Es muss nicht immer Fußball sein

In eine ähnliche Kerbe schlug auch Sportfunktionär und Politiker Willi Lemke in der TV-Sendung "Hart aber fair": "Ich freue mich auf die WM. (…) Ab morgen werden wir in den Zeitungen und Medien von Fußball hören, und da bin ich froh, weil das zum Teil nicht fair war, wie wir mit den Menschen in Katar umgegangen sind."

Fest steht: Diese WM ist in vielerlei Hinsicht eine besondere – und vermutlich die politischste aller Zeiten. Und auch dieses Jahr werden sich etliche Menschen vor den TV-Geräten versammeln und (zumindest) die Partien des DFB-Teams schauen.

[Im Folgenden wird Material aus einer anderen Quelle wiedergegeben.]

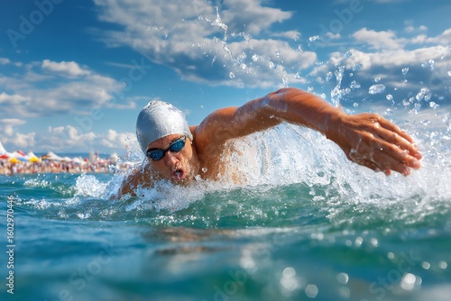 Young caucasian male swimmer in open water competitively freestyling under a bright blue sky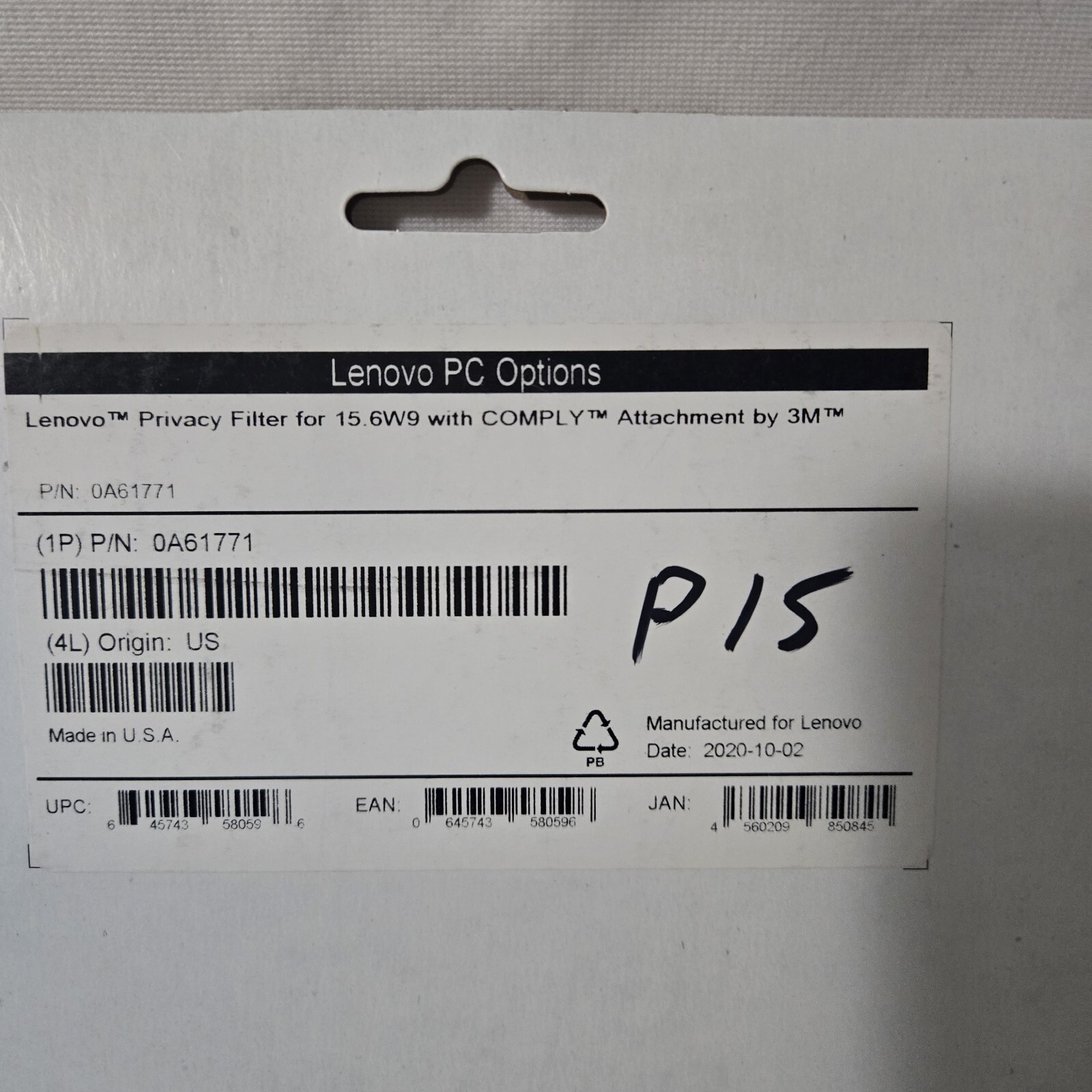как выглядит Sealed Lenovo 3M 15.6 inch W9 Laptop Privacy Filter 0A61771 Authentic Accessory фото

Wer dennoch nicht überzeugt ist und nicht auf spannende Fußballpartien verzichten will, bekommt in Deutschland ein durchaus attraktives Alternativprogramm geboten. Die Frauen-Bundesliga sowie die Frauen-Champions-League laufen weiter, und auch in den Männer-Regionalligen rollt weiterhin der Ball. Und mit Wintersport, der NBA, der NFL oder auch der alljährlichen Darts-WM können Sportfans auch auf andere Sportarten zurückgreifen. Es muss ja nicht immer Fußball sein.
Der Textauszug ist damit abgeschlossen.